- _Source records_
↓↓↓

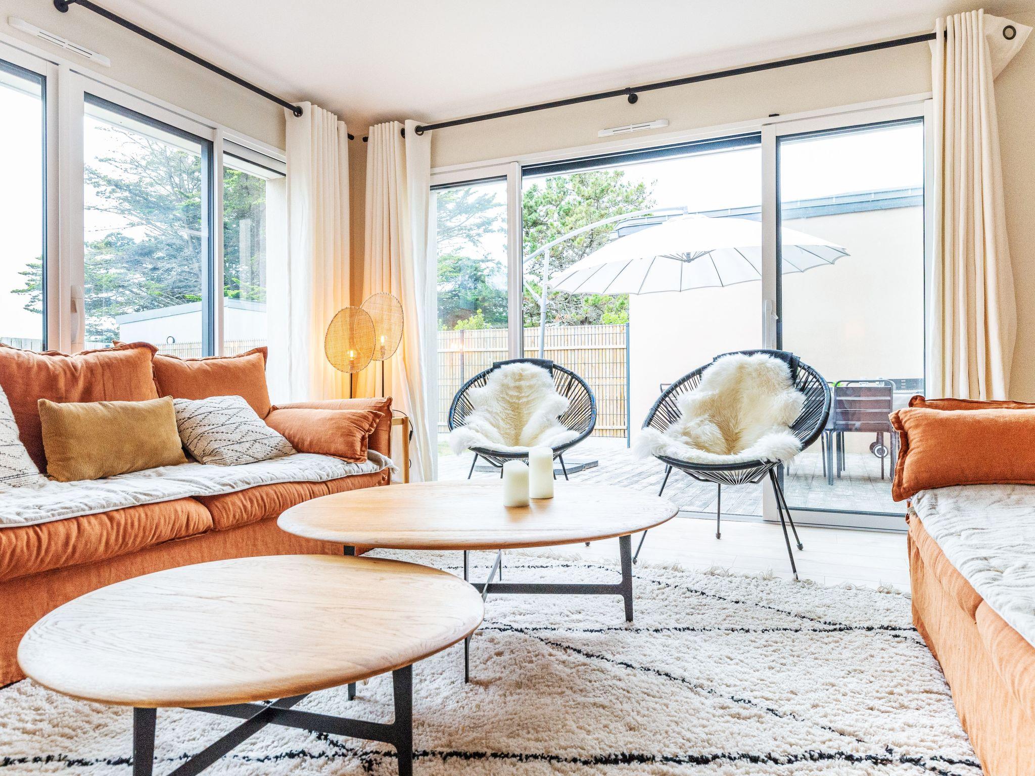 Terraced house "Maison les Dunes", built in 2021. In the resort 950 m from the centre of Saint-Lunaire, 50 m from the sea, from the beach, road to cross. Private: well-kept garden 100 m2 (fenced) with lawn. Terrace, garden furniture, barbecue, parking on the premises. Shop 1.3 km, grocery 1.3 km, supermarket 8 km, restaurant 1.3 km, bakery 950 m, café 900 m, bicycle rental 5.5 km, bus stop "Longchamp" 100 m, railway station "SNCF de Saint Malo" 16 km, ferry "Gare maritime du Naye" 16.3 km, sandy beach "de Longchamp" 50 m, indoor swimming pool 6 km, thermal baths "Thalasso de Dinard" 4.9 km. Sports harbour 6.1 km, golf course (18 hole) 1.4 km, tennis 1.3 km. Nearby attractions: Intramuros 16.7 km, Grand aquarium de St Malo 13 km, Cancale 27.8 km, Dinan 25.8 km, Cap Fréhel et Fort La Latte 31.5 km, Le Mont Saint Michel 56 km. The keys‘ handover takes place by the agency Interhome in Dinard, 3 km.
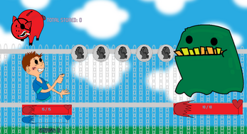 Press Z to flip a coin. On heads, press X to attack, or C to defend.
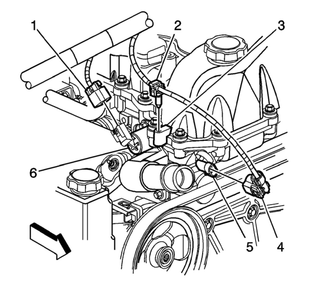 1. Disconnect the engine wiring harness electrical connector (1) from the camshaft position (CMP) actuator solenoid valve (6).
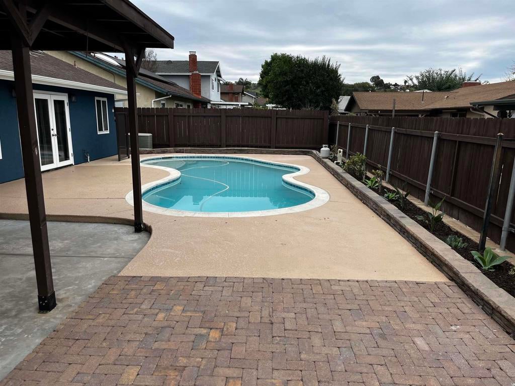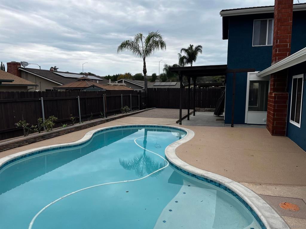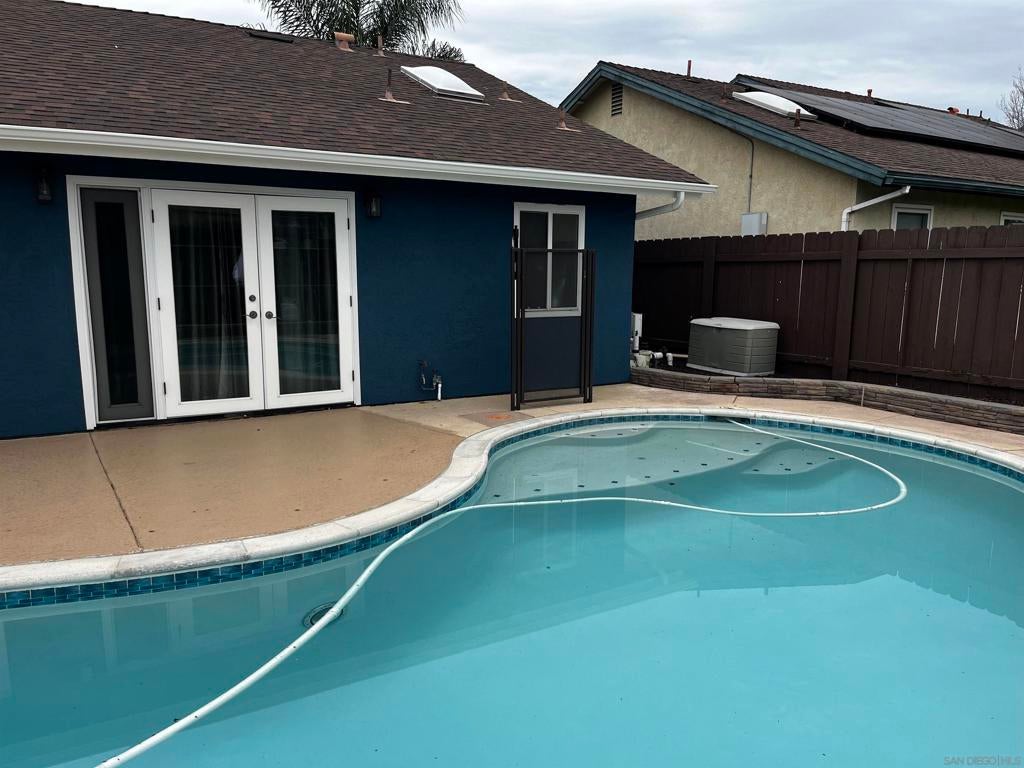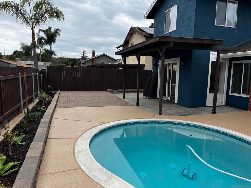 This spacious, newly refurbished home is located towards the end of a Cul-de-Sac and is ideal for the large family. The first floor features two bedrooms, a full bathroom and the large Primary bedroom with full bathroom has French doors that open to the beautiful below-ground pool. Two bedrooms are upstairs and the full bathroom between the bedrooms has a dual sink vanity. The long gated right side yard and the large concrete pad that adjoins the driveway provides lots of parking and storage options. This home has a great location in Santee: stores, groceries, shops, services, freeways and all school levels are close!
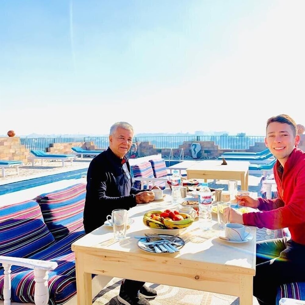 Hotel davvero carino nella west bank, lontano dal rumore e dal caos ma a due passi da ristoranti e dal Nilo. Una vista mozzafiato sul rooftop, aperto tutto il giorno, dal quale abbiamo gustato una deliziosa cena al nostro arrivo. La colazione, inclusa, era abbondante e molto buona. Lo staff è stato davvero caloroso e generoso ed ha assecondato ogni nostra esigenza. Consiglio davvero a tutti quelli che vogliono vivere una Luxor più autentica lontano dalle trappole per turisti.
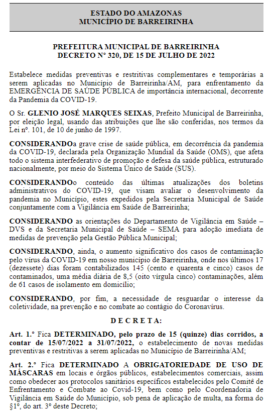 Manaus (AM) - O município de Barreinha, a 330 km de Manaus, decretou o uso obrigatório de máscaras por 15 dias, entre 15 a 31 de julho, em ambientes fechados no município.
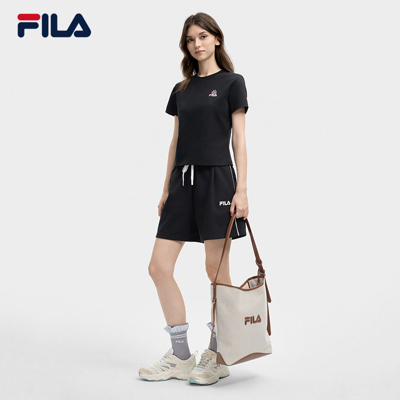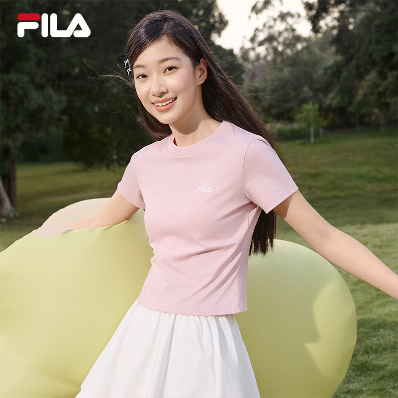 凉感FILA斐乐女辣妹T恤2026夏新款休闲修身短袖纯棉休闲短款上衣
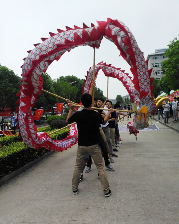 除此之外,精英舞龙社的社长带领着会员们现场舞起了龙狮,生龙活虎的表演引来新生们阵阵喝彩,琉璃月舍动漫协会也不甘示弱,会员们穿上了造型夸张的动漫服装,现场表演起了“cosplay”,心缘手工社的会员们更是现场展示了各种精致的手工品,用筷子做的吉他、别墅,各种漂亮的发卡,纸质鲜花等,吸引了很多女同学的目光。
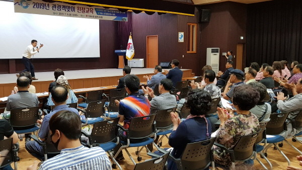 2부 친절교육은 심리검사연구소 인싸이트 창원, 경상남도 인재육성개발원장진석 대표의‘마음을 여는 사람, 지갑을 여는 사람’이라는 주제로 관광객을 맞이하는 자세에 대해 관광사업장 맞춤형 교육이 진행됐다.
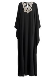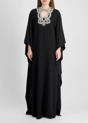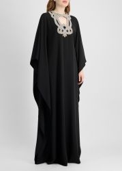 Black crystal-embellished crepe kaftan
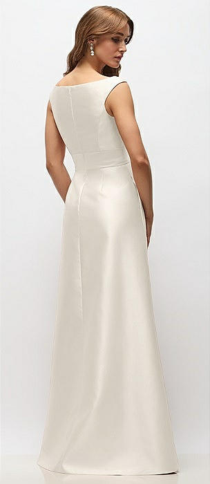 Basque-Neck Satin Column Maxi Dress with Off-the-Shoulder Bows in ivory
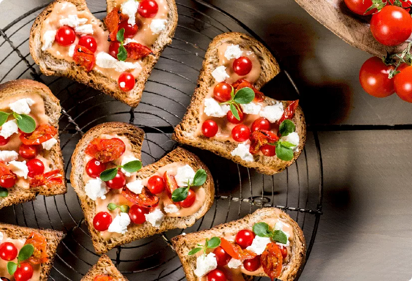 Stap 3 > Smeer op elk broodhart 1 eetlepel Smaakgeheimen Chipdip Cocktail. Verdeel de minitomaatjes over de broodhartjes. Leg er stukjes geitenkaas en de gedroogde cherrytomaatjes tussen. Garneer de crostini met tuinkers of cress.
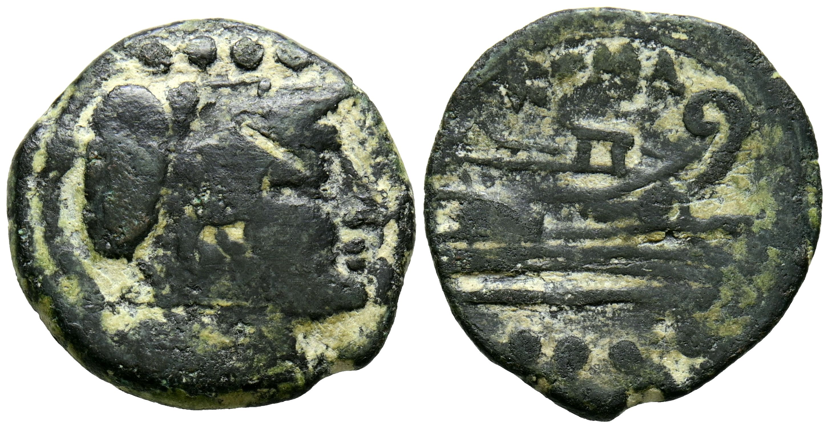 ACUÑACIONES ANONIMAS. Triente. (Ae. 4,35g/21mm). 215-212 a.C. Roma. (Crawford 56/4). Anv: Cabeza de Roma a derecha, encima cuatro puntos. Rev: Proa a derecha, encima leyenda: ROMA, debajo cuatro puntos. BC+.
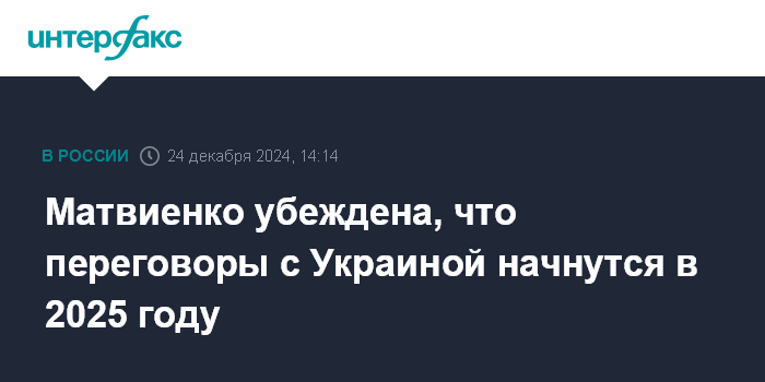 Москва. 24 декабря. INTERFAX.RU - Переговоры по урегулированию конфликта с Украиной несомненно начнутся в следующем году, заявила журналистам спикер Совета Федерации Валентина Матвиенко.
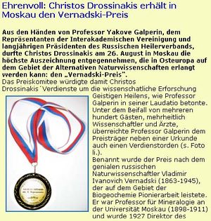 "Ehrenvoll: Christos Drossinakis erhält in Moskau den Vernadski-Preis ... aus den Händen von Professor Yakove Galperin, dem Repräsentanten der Interakademischen Vereinigung und langjährigen Präsidenten des Russischen Heilerverbands" lautet es auf der Webseite von Christos Drossinakis (Jahr 2009). Auch wird zum Preis angegeben, dass er die "höchste Auszeichnung" sei, "die für unkonventionelle Forschung in Osteuropa erlangt werden" könne. Was Drossinakis jedoch verschweigt, ist die Tatsache, dass die genannte "Interakademische Vereinigung" (eigentlich "Internationale Interakademische Vereinigung") in Wirklichkeit ein rein privates russisches Projekt mit engen Beziehungen zur so genannten International University of Fundamental Studies (IUFS) ist, die wiederum als eine Titelmühle anzusehen ist, die also wertlose Scheintitel auf kommerzieller Basis anbietet. Die IIU ist bekannt dafür, Orden und akademische Scheintitel wie "Professor" zu vergeben.
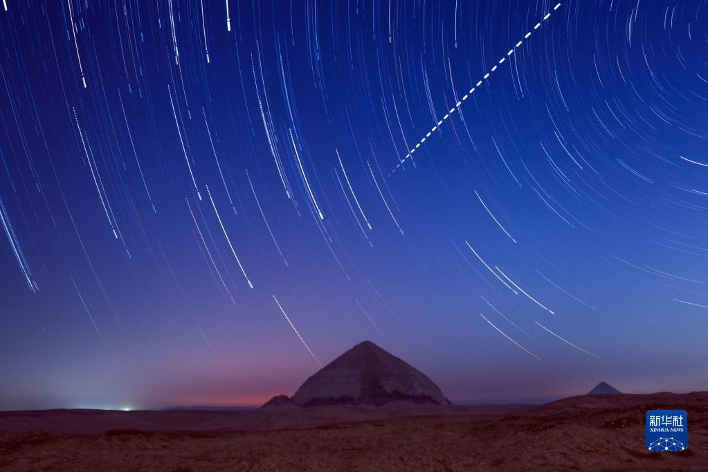 2021年11月26日在埃及首都開羅以南的彎曲金字塔附近拍攝的照片顯示,中國空間站劃過夜空(軌跡為多張照片堆棧)。2021年10月16日,神舟十三號載人飛船成功發射,開啟中國迄今時間最長的載人飛行。3名航天員將在中國天宮空間站核心艙在軌駐留6個月。
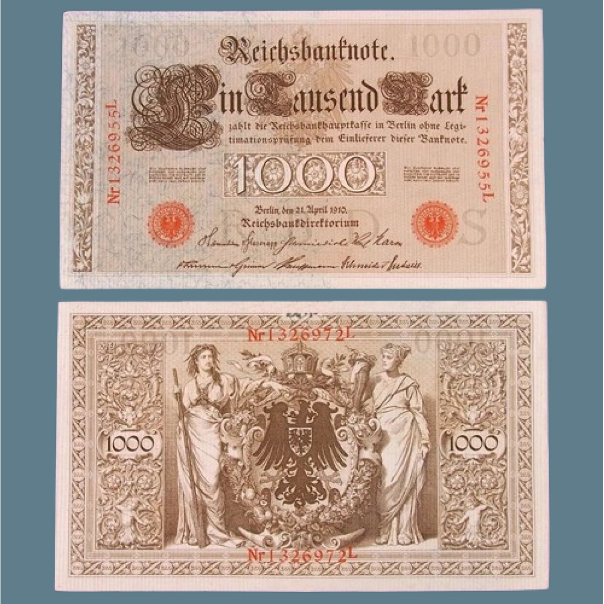 Колекційна банкнота 1000 марок 1910 р. (червоний друк) Німецька Імперія. UNC до колекції
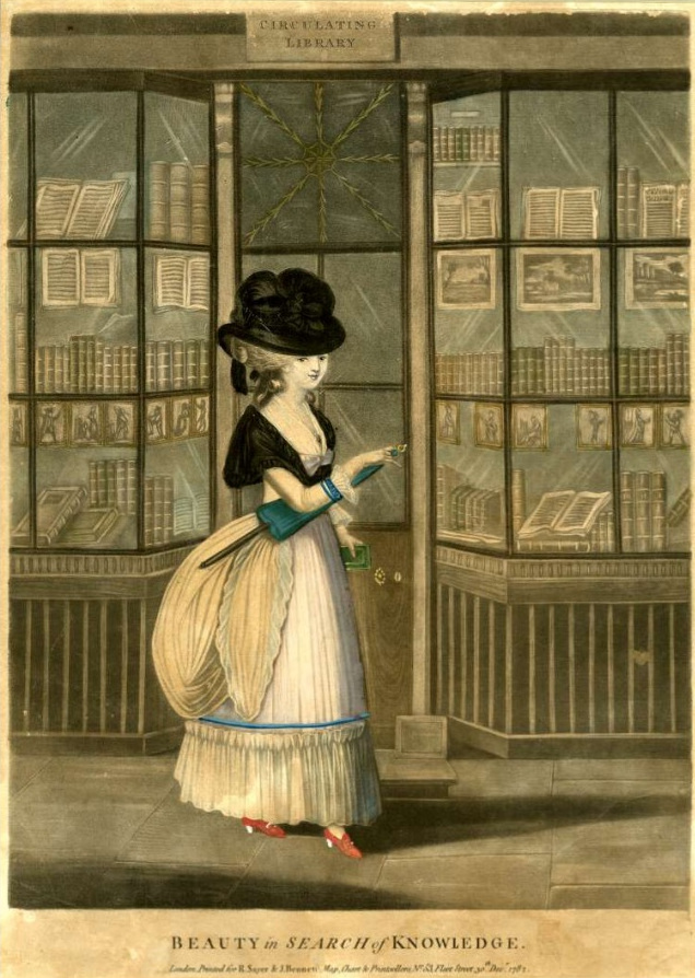 This print by Robert Laurie and James Whittle is based on an earlier watercolor by Isaac Cruikshank. Its satiric caption mocks the female frequenter of the circulating library as she scans the titles on offer: “Seduction, yes, I want that more than any thing. . . . School of Virtue, heaven knows mamma gives me enough of that.”
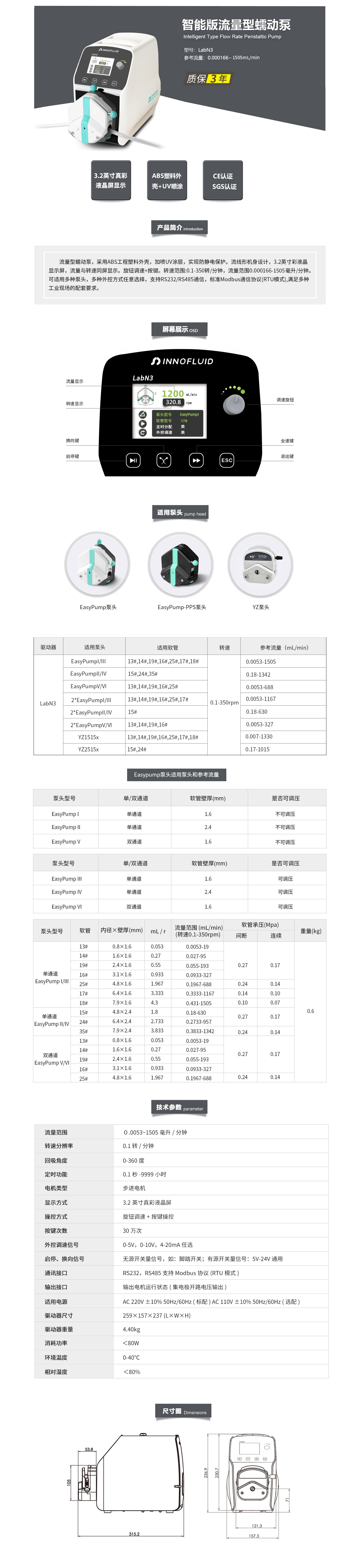LabN3靜音蠕動泵轉(zhuǎn)速范圍0.1-350轉(zhuǎn)/分鐘 LabN3靜音蠕動泵可適用多種泵頭 多種外控方式任意選擇 LabN3靜音蠕動泵流量范圍0.0053-1505mL/min

↑↑↑

The stretch to restate runs from the line above containing "除此之外,精英舞龙社的社长带" through the line containing "Stap 3 > Smeer". Copy it word for word, ends included, without pictures.

 除此之外,精英舞龙社的社长带领着会员们现场舞起了龙狮,生龙活虎的表演引来新生们阵阵喝彩,琉璃月舍动漫协会也不甘示弱,会员们穿上了造型夸张的动漫服装,现场表演起了“cosplay”,心缘手工社的会员们更是现场展示了各种精致的手工品,用筷子做的吉他、别墅,各种漂亮的发卡,纸质鲜花等,吸引了很多女同学的目光。
 2부 친절교육은 심리검사연구소 인싸이트 창원, 경상남도 인재육성개발원장진석 대표의‘마음을 여는 사람, 지갑을 여는 사람’이라는 주제로 관광객을 맞이하는 자세에 대해 관광사업장 맞춤형 교육이 진행됐다.
 Black crystal-embellished crepe kaftan
 Basque-Neck Satin Column Maxi Dress with Off-the-Shoulder Bows in ivory
 Stap 3 > Smeer op elk broodhart 1 eetlepel Smaakgeheimen Chipdip Cocktail. Verdeel de minitomaatjes over de broodhartjes. Leg er stukjes geitenkaas en de gedroogde cherrytomaatjes tussen. Garneer de crostini met tuinkers of cress.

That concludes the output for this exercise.